===== INPUT FOR THIS TASK =====

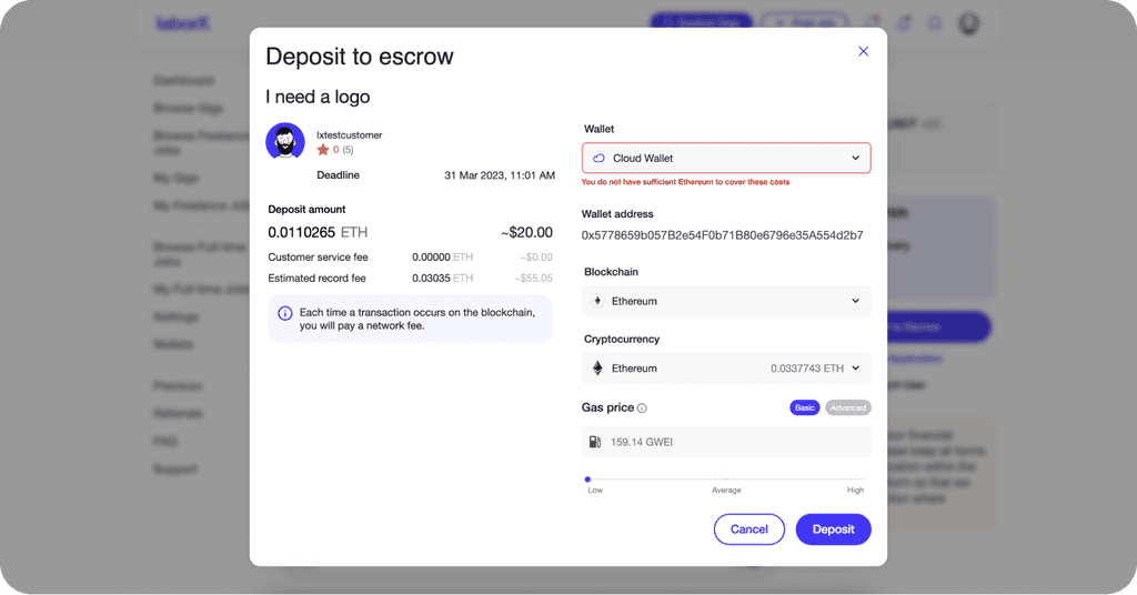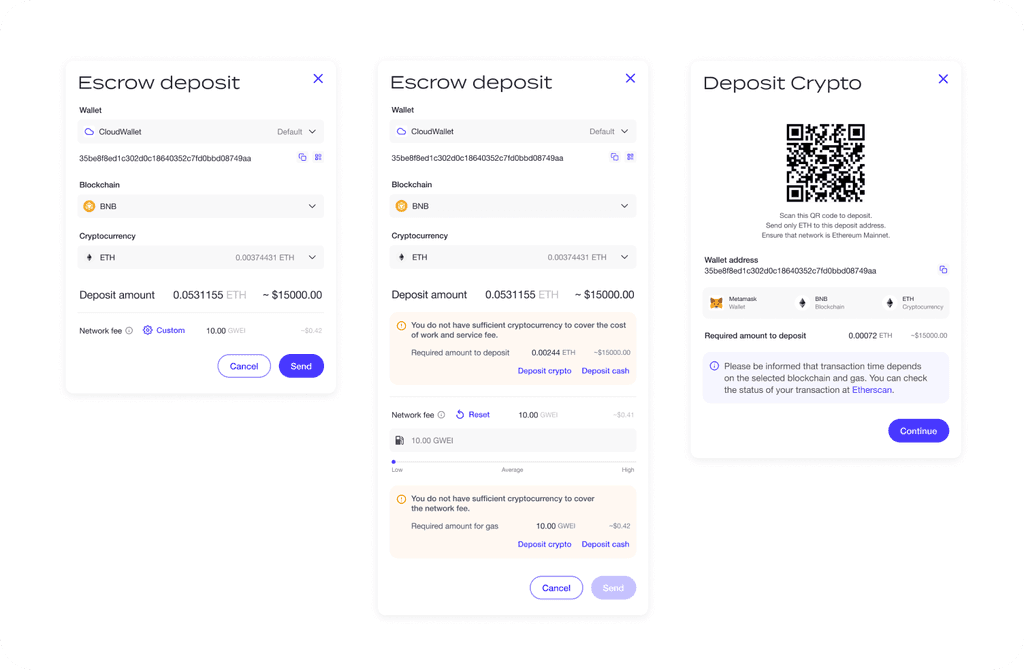 5. The key update is the addition of a new wallet connection. We also removed two columns, introduced the ability to fund the deposit wallet with both cash and crypto, and implemented detailed error messages specifying the exact amount of crypto requires for the task and for the commission.
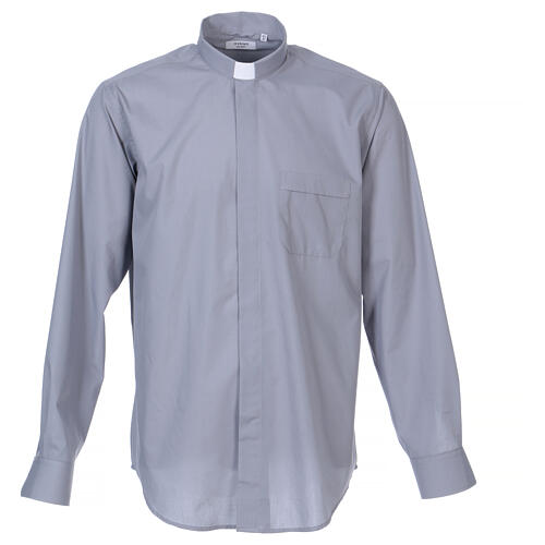 Long-sleeved light grey In Primis shirt with Clergy collar, made from a cotton-blend fabric: 65% polyester, 35% cotton (110 g/m²). The fabric is soft and breathable, easy to wash and iron.
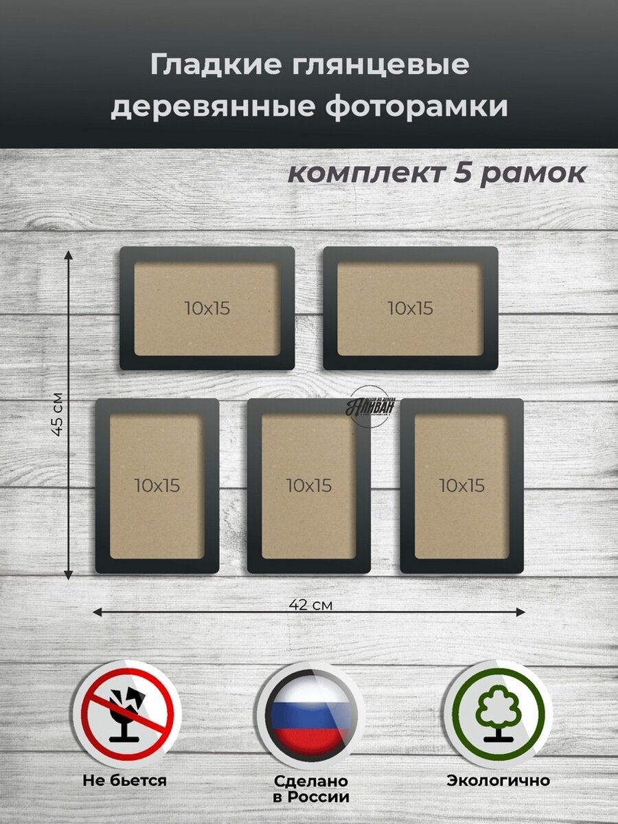 Набор рамок для фото 10х15 5шт. из дерева в черном цвете
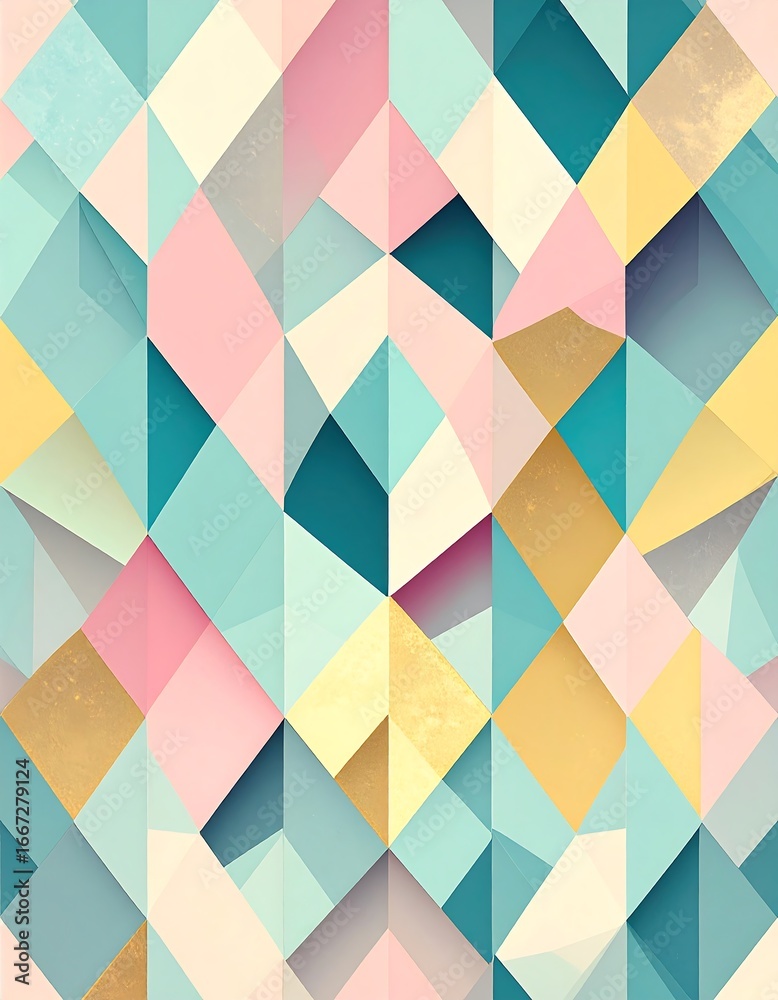 Obrazy Turkus - Abstract geometric pattern with pastel colors and gold accents #1667279124
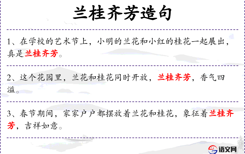 句子:“春节期间,家家户户都摆放着兰花和桂花,象征着兰桂齐芳,吉祥如意。”
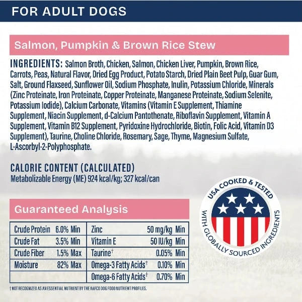 NUTRITIONAL STATEMENT: Natural Balance Health Protection Salmon Broth, Salmon, Pumpkin & Brown Rice Stew is formulated to meet the nutritional levels established by the AAFCO Dog Food Nutrient Profiles for maintenance.
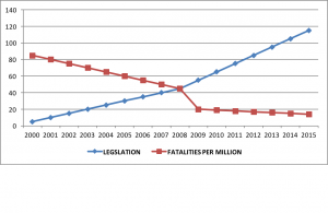 Figure 1 The impact of legislation on fatality rate
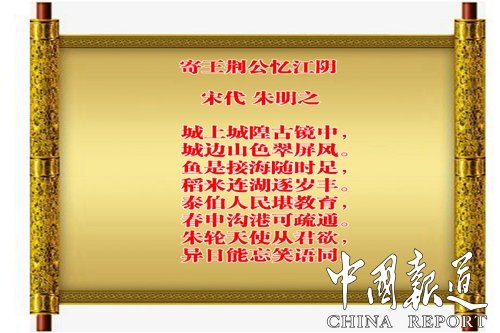 中国报道讯【编者按】历代文人咏吴国、泰伯及其后人诗文选,宋诗《寄王荆公忆江阴》。
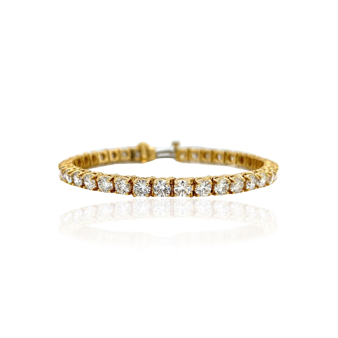 This classic diamond line bracelet, crafted in 14 karat yellow gold, holds 36 full cut diamonds in low set 4 prong settings. Each diamond measures 4.25 mm grades H color VS clarity and they weigh combine 11.07 cttw. It measures 7 inches long and secures with a push lock safety clasp. Timeless when worn alone and on trend mixed into a stack for a layered look.
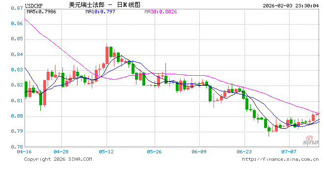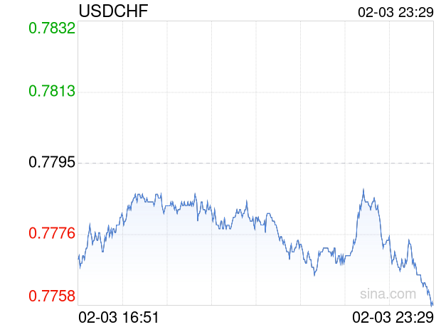 新浪外汇消息2026年02月03日,截至23时29分,外汇市场上美元兑瑞士法郎汇率跌破1美元兑换0.7756瑞士法郎。跌幅为-0.5003%
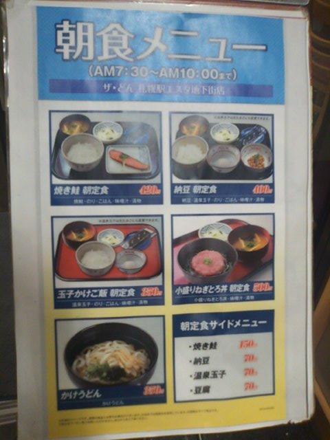 こちらのお店は、名前からしてズバリ丼物の専門店だといえるのですが、実は朝食時間帯のみは別メニューで営業していて、大手牛丼チェーン店でよく見られるような朝食メニューと同じような感じでラインナップされています。朝食メニューの中にも一部丼物メニューもありますが、このお店の違った雰囲気を感じて頂くためにも、2回目以降のご訪問の方には特に、朝定食やうどん等の朝食メニューにチャレンジされてみることをお勧め致します。

=====

_YOUR ASSIGNMENT_:
Write out the data exactly, and exclude every picture it holds.

_OUTPUT FOR THIS TASK_:
 5. The key update is the addition of a new wallet connection. We also removed two columns, introduced the ability to fund the deposit wallet with both cash and crypto, and implemented detailed error messages specifying the exact amount of crypto requires for the task and for the commission.
 Long-sleeved light grey In Primis shirt with Clergy collar, made from a cotton-blend fabric: 65% polyester, 35% cotton (110 g/m²). The fabric is soft and breathable, easy to wash and iron.
 Набор рамок для фото 10х15 5шт. из дерева в черном цвете
 Obrazy Turkus - Abstract geometric pattern with pastel colors and gold accents #1667279124
 句子:“春节期间,家家户户都摆放着兰花和桂花,象征着兰桂齐芳,吉祥如意。”
 NUTRITIONAL STATEMENT: Natural Balance Health Protection Salmon Broth, Salmon, Pumpkin & Brown Rice Stew is formulated to meet the nutritional levels established by the AAFCO Dog Food Nutrient Profiles for maintenance.
 Figure 1 The impact of legislation on fatality rate
 中国报道讯【编者按】历代文人咏吴国、泰伯及其后人诗文选,宋诗《寄王荆公忆江阴》。
 This classic diamond line bracelet, crafted in 14 karat yellow gold, holds 36 full cut diamonds in low set 4 prong settings. Each diamond measures 4.25 mm grades H color VS clarity and they weigh combine 11.07 cttw. It measures 7 inches long and secures with a push lock safety clasp. Timeless when worn alone and on trend mixed into a stack for a layered look.
 新浪外汇消息2026年02月03日,截至23时29分,外汇市场上美元兑瑞士法郎汇率跌破1美元兑换0.7756瑞士法郎。跌幅为-0.5003%
 こちらのお店は、名前からしてズバリ丼物の専門店だといえるのですが、実は朝食時間帯のみは別メニューで営業していて、大手牛丼チェーン店でよく見られるような朝食メニューと同じような感じでラインナップされています。朝食メニューの中にも一部丼物メニューもありますが、このお店の違った雰囲気を感じて頂くためにも、2回目以降のご訪問の方には特に、朝定食やうどん等の朝食メニューにチャレンジされてみることをお勧め致します。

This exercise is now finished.